Проектор, подключенный к рабочему компьютеру, направили прямо на стену. Свет погасили, чтобы детали на записи были хорошо видны. Сцену моего позора посмотрели первой, но всего два раза и без язвительных комментариев. Ромка лишь отметил, что я сам попался, встав прямо под слизняком. А Вересаева указала, что улитка не попадала в кадр до последней секунды, до самого нападения.
— Роман, переключите на предыдущую камеру. Нет, здесь вообще не видно. Давайте следующую. И минут на пять к началу. Стоп, ещё раз.
— Так чернота одна!
— Не совсем. Можете вывести обе записи на один экран? Спасибо, и вот теперь запустите их синхронно. Видите?
Я слез со стола. Голова больше не кружилась, так что садиться не стал — подошёл поближе к экрану.
— Ну вот же! Вот эта светлая полоса. И вот здесь виден блик вдоль края.
— Ах ты ж! — понял наконец Затяжной, а я всё ждал пояснений.
— Он прополз по самому краю слепой зоны. У нас камеры стоят так, чтобы охватывать как можно больше пространства внизу. Потолок в обзор не везде попадает. Для улитки это всё равно, что парадный вход без охраны.
— Он что, знал, где у нас камеры стоят?
— Возможно, — сказала Вересаева.
— Но не обязательно, — поспешил добавить Затяжной. — Камеры в темноте излучают в инфракрасном. Возможно, слизень способен видеть этот свет. Он попросту избегал его.
— А возможно, что не способен. Это надо уточнить. В противном случае, получается, что уже второй раз за этот месяц инор… путешественники осведомлены о наших защитных системах. Заметьте, Стожар, оба раза в эту историю встреваете вы.
Я решил не реагировать на эту сентенцию, потому что подозревал в ней очередную проверку своего здоровья. Вместо ответа я подошёл поближе к изображению слизня на стене.
— Только хвост в кадре. Как вы его вообще разглядели?
— Просто знала, куда смотреть, — пояснила Вересаева. — Иногда, чтобы увидеть на записи по-настоящему ценную информацию, надо смотреть вовсе не в центр экрана.
Мой переутомленный мозг выделил эту фразу. Эхом она прозвучала под черепушкой ещё раз, а потом снова.
— Ай да Аллардайс! Вот, значит, какой клад ты мне решил показать? — прошептал я.

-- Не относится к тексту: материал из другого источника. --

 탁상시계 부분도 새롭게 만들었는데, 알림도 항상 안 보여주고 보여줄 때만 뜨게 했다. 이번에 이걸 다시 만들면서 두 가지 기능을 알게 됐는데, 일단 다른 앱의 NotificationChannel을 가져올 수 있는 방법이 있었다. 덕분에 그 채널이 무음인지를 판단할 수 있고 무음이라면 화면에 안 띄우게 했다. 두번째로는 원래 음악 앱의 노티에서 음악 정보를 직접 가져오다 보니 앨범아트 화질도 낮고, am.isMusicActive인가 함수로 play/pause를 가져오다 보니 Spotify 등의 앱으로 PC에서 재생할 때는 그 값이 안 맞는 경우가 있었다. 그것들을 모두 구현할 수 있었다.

Потому что понял, в каком месте допустил ошибку: смотрел в корень и не увидел главного.
Брехун
Проверить догадки удалось только через неделю. Раньше не вышло. Первые три дня мне вообще было запрещено появляться на работе, Вересаева после припадка насильно отправила в отгул и под угрозой увольнения запретила приближаться к метро.
На четвертый день я вышел на линию, но смена выдалась очень уж суматошная, отлучиться нельзя было ни на минуту. И после этого свой пятый "отсыпной" день я и вправду проспал. Ругал, иной раз даже нецензурно, сам себя, но сил подняться с дивана и съездить в отдел мониторинга за целый день не нашёл.

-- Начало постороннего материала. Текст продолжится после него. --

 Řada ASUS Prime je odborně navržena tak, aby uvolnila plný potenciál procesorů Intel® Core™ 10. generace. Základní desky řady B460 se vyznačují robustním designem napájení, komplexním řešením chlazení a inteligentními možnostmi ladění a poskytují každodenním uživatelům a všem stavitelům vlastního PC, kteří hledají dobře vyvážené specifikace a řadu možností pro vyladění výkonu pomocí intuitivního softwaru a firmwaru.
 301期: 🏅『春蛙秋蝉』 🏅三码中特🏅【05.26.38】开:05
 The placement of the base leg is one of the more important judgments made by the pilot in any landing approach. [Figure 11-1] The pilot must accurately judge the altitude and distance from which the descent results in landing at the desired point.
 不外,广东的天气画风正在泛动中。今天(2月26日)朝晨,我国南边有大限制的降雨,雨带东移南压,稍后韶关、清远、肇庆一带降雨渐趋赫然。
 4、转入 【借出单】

Ну а на шестой день, добравшись всё-таки до нашего заветного подземелья, услышал неутешительные новости. Все видеоматериалы по суициду на Киевской засекречены и переданы на хранение лично замдиректора, без снятия копий.
Передо мной встала дилемма: либо обращаться к Вересаевой и волей-неволей посвящать её в свои планы, либо идти на поклон к другому человеку, единственному, способному мне помочь. Встречи с ним я боялся и избегал, потому что чувствовал себя виноватым. И обязанным многое объяснить. А как это сделать, я не представлял.
Промаявшись сутки в надежде, что решение придет как-нибудь само собой, в конце концов сдался. Вышел на первой попавшейся станции, поднялся на поверхность, отошёл подальше от вестибюля и набрал номер Лёшки Смыслова.
Встречались мы в том же кафе, где не так давно я впервые втянул его в эту историю. Он снова пришёл в форме, снова уставший после смены — всё повторялось, кроме Сфинкса, сидящего по правую руку от меня.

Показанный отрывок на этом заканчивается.